The relation $\sim$ is reflexive since any positive $x$ can be written $x = (\sqrt{x})^* \sqrt{x} = \sqrt{x} (\sqrt{x})^*$ where $\sqrt{x}$ is the unique positive square root of $x$. It is symmetric since if $x = a^* a$ and $y = aa^*$ then $x = bb^*$ and $y = b^*b$ where $b=a^*$.

I see no obvious reason for $\sim$ to be transitive. I suspect it is not, but I couldn't come up with a counterexample.

Some observations:

• As 5pm points out below, if $A$ is unital and $x,y \in A$ are invertible, then $x \sim y$ if and only if $y = uxu^*$ for some unitary $u$. It follows that the restriction of $\sim$ to the invertible elements of $A$ is an equivalence relation.
• It is an equivalence relation in the case $A=B(H)$ for some Hilbert space $H$. Indeed, if $x = a^* a$ and $y = aa^*$ then, polar decomposing $a$ as $u \sqrt{a^*a}$, we get that $y = u x u^*$ for a partial isometry $u$ with initial space $\overline{\mathrm{ran}(x)}$ and final space $\overline{\mathrm{ran}(y)}$. Since the composition of partial isometries with compatible supporting subspaces is another partial isometry, we get the transitivity.

Some more observations:

• If it occurs that, $$ \text{for every $a \in A$, there exists $b \in A$ such that $aa^* = b^*(a^*a)b$,}$$ then $\sim$ is clearly transitive. The latter occurs, for example, when every element $a \in A$ has a "weak polar decomposition" $a = b \sqrt{a^*a}$ for any $b \in B$. In particular, existence of polar decompositions suffices to prove $\sim$ is transitive.
• We can still have $\sim$ transitive if the above condition fails.

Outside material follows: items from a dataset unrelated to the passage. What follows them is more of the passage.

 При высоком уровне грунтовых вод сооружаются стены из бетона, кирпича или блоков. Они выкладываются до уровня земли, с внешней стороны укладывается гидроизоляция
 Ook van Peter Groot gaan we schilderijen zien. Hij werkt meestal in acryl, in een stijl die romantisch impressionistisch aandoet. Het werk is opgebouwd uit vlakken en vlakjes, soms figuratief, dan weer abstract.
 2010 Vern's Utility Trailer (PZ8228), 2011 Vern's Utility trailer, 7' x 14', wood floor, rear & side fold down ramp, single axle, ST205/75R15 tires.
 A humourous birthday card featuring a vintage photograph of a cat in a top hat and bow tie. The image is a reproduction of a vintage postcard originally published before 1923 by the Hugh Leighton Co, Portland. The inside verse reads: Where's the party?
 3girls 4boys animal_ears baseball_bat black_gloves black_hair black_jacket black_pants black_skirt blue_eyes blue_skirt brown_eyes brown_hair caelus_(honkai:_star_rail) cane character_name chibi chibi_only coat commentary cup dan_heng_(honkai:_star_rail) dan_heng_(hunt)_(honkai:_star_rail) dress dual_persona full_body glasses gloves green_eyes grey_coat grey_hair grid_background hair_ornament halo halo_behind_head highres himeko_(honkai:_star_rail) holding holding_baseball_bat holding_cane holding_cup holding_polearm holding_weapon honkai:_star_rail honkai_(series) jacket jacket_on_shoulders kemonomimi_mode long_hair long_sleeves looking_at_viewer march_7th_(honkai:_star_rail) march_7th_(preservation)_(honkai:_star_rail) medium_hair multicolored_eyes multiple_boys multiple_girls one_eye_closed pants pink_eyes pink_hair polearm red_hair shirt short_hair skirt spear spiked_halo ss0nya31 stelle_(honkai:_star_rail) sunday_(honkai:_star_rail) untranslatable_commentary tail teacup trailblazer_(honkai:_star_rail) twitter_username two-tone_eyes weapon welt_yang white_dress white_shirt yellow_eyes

For example, if $f \in C_0(\mathbb{R})$ is nonvanishing, then there is no $g \in C_0(\mathbb{R})$ with $fg = f$. Obviously $\sim$ is transitive in commutative C*-algebras.

Answer 1

I think I figured it out! The answer seems to be that transitivity holds. I would appreciate any feedback on my proof. Let $A$ be an arbitrary C*-algebra. Given positive elements $x,y \in A$ and $a \in A$, I will write $x \sim^a y$ to mean that $x = a^*a$ and $y =aa^*$.

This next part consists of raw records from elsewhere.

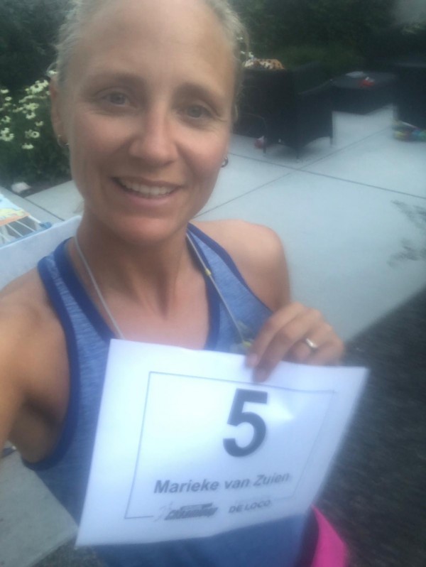 Selfie van Marieke van Zuien tijdens de Halve Marathon.
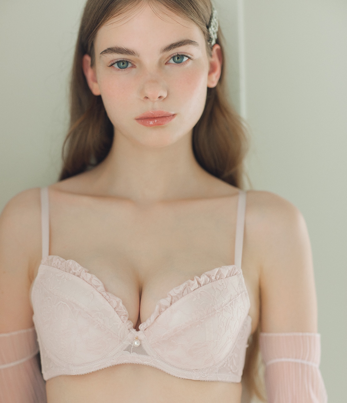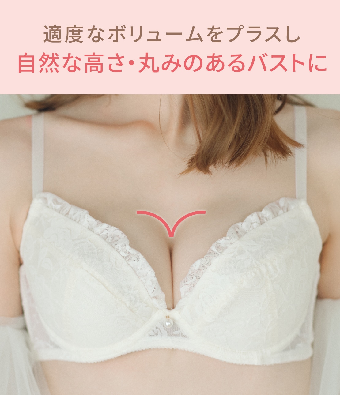 ・取り外しできる薄手パッドでボリュームをプラスし、自然に寄せ上げて整える。
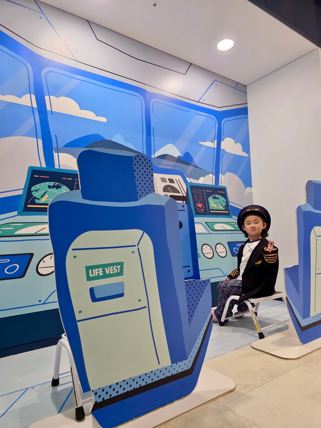 2층에는 코스튬 옷이 있어서 아이들이 승무원이나 조송사 옷을 입고 사진 촬영을 할수 있게 되어있었어요. 외에 기내 안전체험과 다양한 VR체험등이 있어서 아이들이 좋아하는 거를 다 모아둔 느낌이었어요.
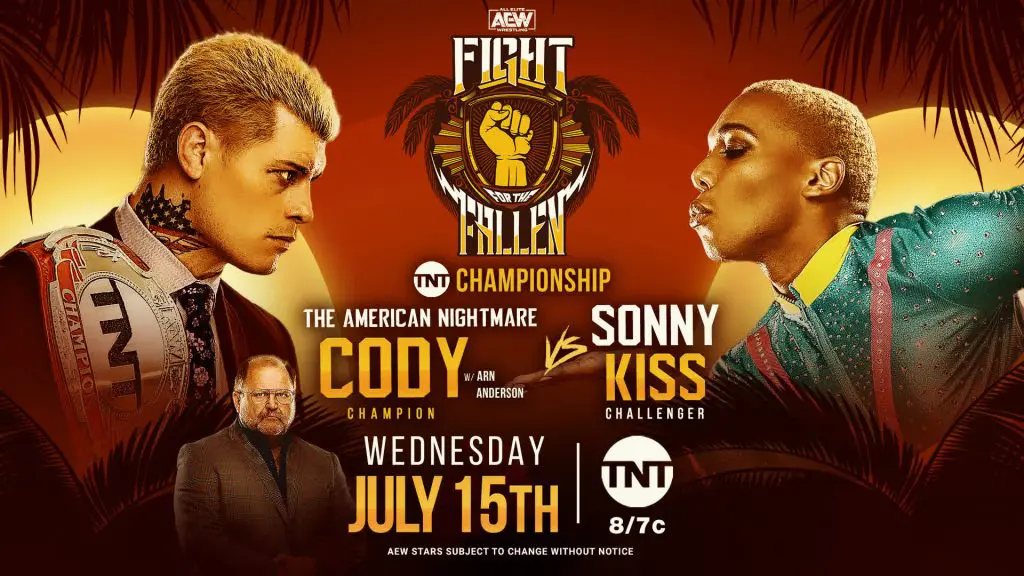 We will start with the match that should, but probably will not, open the show. Cody continues his “weekly” TNT challenge tonight as he puts the title on the line against Sonny Kiss. Kiss has rarely been presented on Wednesday night; he was on Fyter Fest night two looking to help his tag team partner Joey Janela against Lance Archer. In what will be Sonny Kiss’s first highlight contest on the mid week show, will he be able to wrest the title away from the grandson of a plumber (and ever-arrogant) Cody?
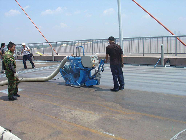 橋梁混凝土鋪裝層處理采用拋丸工藝,即利用拋丸機,拋除混凝土表面的浮漿。使用拋丸處理的表面粗糙均勻;不會破壞原混凝土結(jié)構(gòu)和平整度,并且可以完全去除浮漿和起砂,100%“創(chuàng)面”、露骨;但同時不會造成骨料的松動和微裂紋,為增強混凝土與瀝青面層提供更好的粘結(jié)。
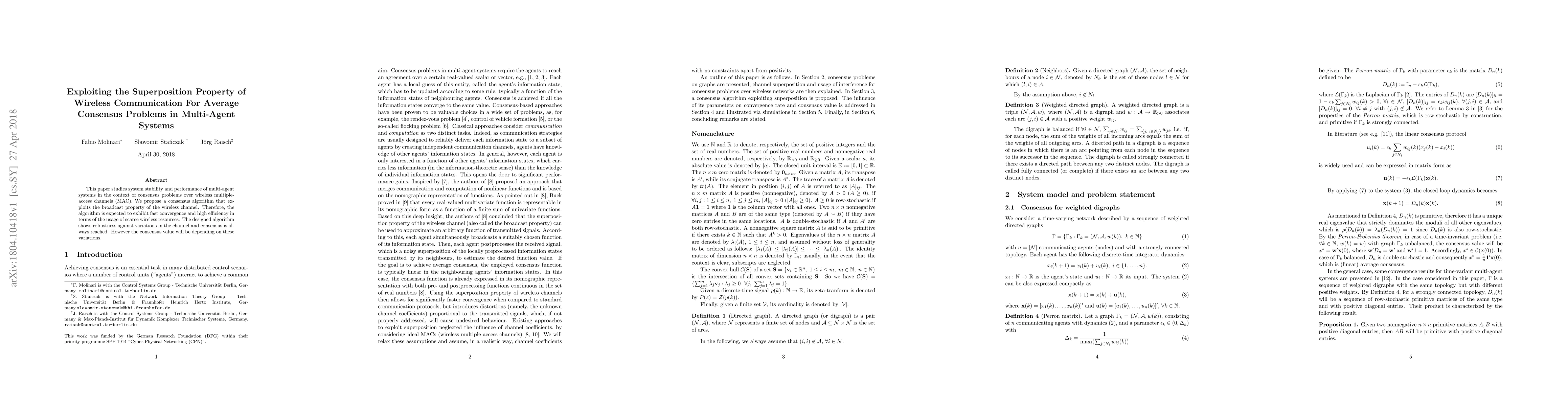 This paper studies system stability and performance of multi-agent systems in the context of consensus problems over wireless multiple-access channels (MAC). We propose a consensus algorithm that exploits the broadcast property of the wireless channel. Therefore, the algorithm is expected to exhibit fast convergence and high efficiency in terms of the usage of scarce wireless resources. The designed algorithm shows robustness against variations in the channel and consensus is always reached. However the consensus value will be depending on these variations.
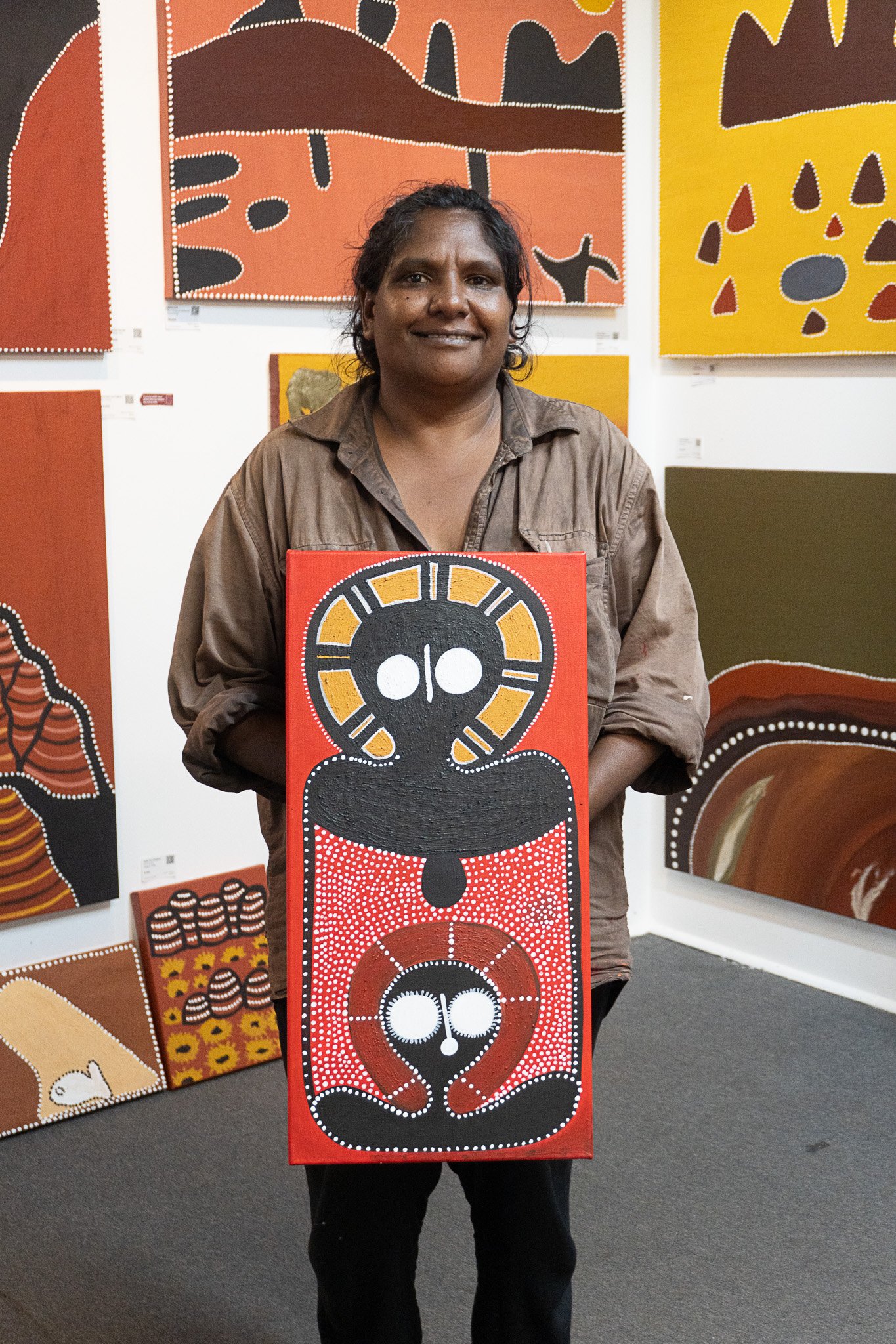 A lovely quietly spoken lady, Edna still lives on her traditional land and is the driving force behind encouraging other Ngarinyin people to use art to tell their stories and keep their culture strong. Her eldest daughter Petrina, also an artist, is carrying on this important tradition to a third generation.

Lemma. If $x \sim^a y$, then there is a factorization $a = a_1 x^{1/4}$ such that $x^{1/2} \sim^{a_1} y^{1/2}$.

Proof. Without loss of generality, $A \subset B(H)$ for some Hilbert space $H$. Perform polar decomposition in $B(H)$ to write $a= w x^{1/2}$ where $w$ is a uniquely determined partial isometry whose supporting projection $w^* w$ equals the closed range of $x^{1/2}$. Now it may be that $w \notin A$, but an easy polynomial approximation argument shows that $a_1 = wx^{1/4} \in A$. So we have the factorization $a = a_1 x^{1/4}$. Observe $a_1^* a_1 = x^{1/4} w^* w x^{1/4} = x^{1/4} x^{1/4} = x^{1/2}$. Meanwhile, $(a_1a_1^*)^2 = a_1 (a_1^* a_1)a_1^* = w x^{1/4} x^{1/2} x^{1/4} w^* = (w x^{1/2})(w x^{1/2})^* = aa^* = y$ so that $a_1 a_1^* = y^{1/2}$.

Now we can prove the main result.

Theorem. The relation $\sim$ is transitive.

Proof. Suppose positive elements $x,y,z$ have $x \sim^a y \sim^b z$ for $a,b \in A$. By the lemma, we have factorizations $a = a_1 x^{1/4}$ and $b = b_1 x^{1/4}$ such that $x^{1/2} \sim^{a_1} y^{1/2} \sim^{b_1} z$. We shall see that $x \sim^{b_1 a_1} z$. Indeed: $$ (b_1a_1)^*(b_1a_1) = a_1^* b_1^* b_1 a_1 = a_1^* y^{1/2} a_1 = a_1^* a_1 a_1^* a_1 = x^{1/2} x^{1/2} = x$$ $$ (b_1a_1)(b_1a_1)^* = b_1 a_1 a_1^* b_1^* = b_1 y^{1/2} b_1^*= (b_1 y^{1/4})(b_1 y^{1/4})^* = bb^* = z.$$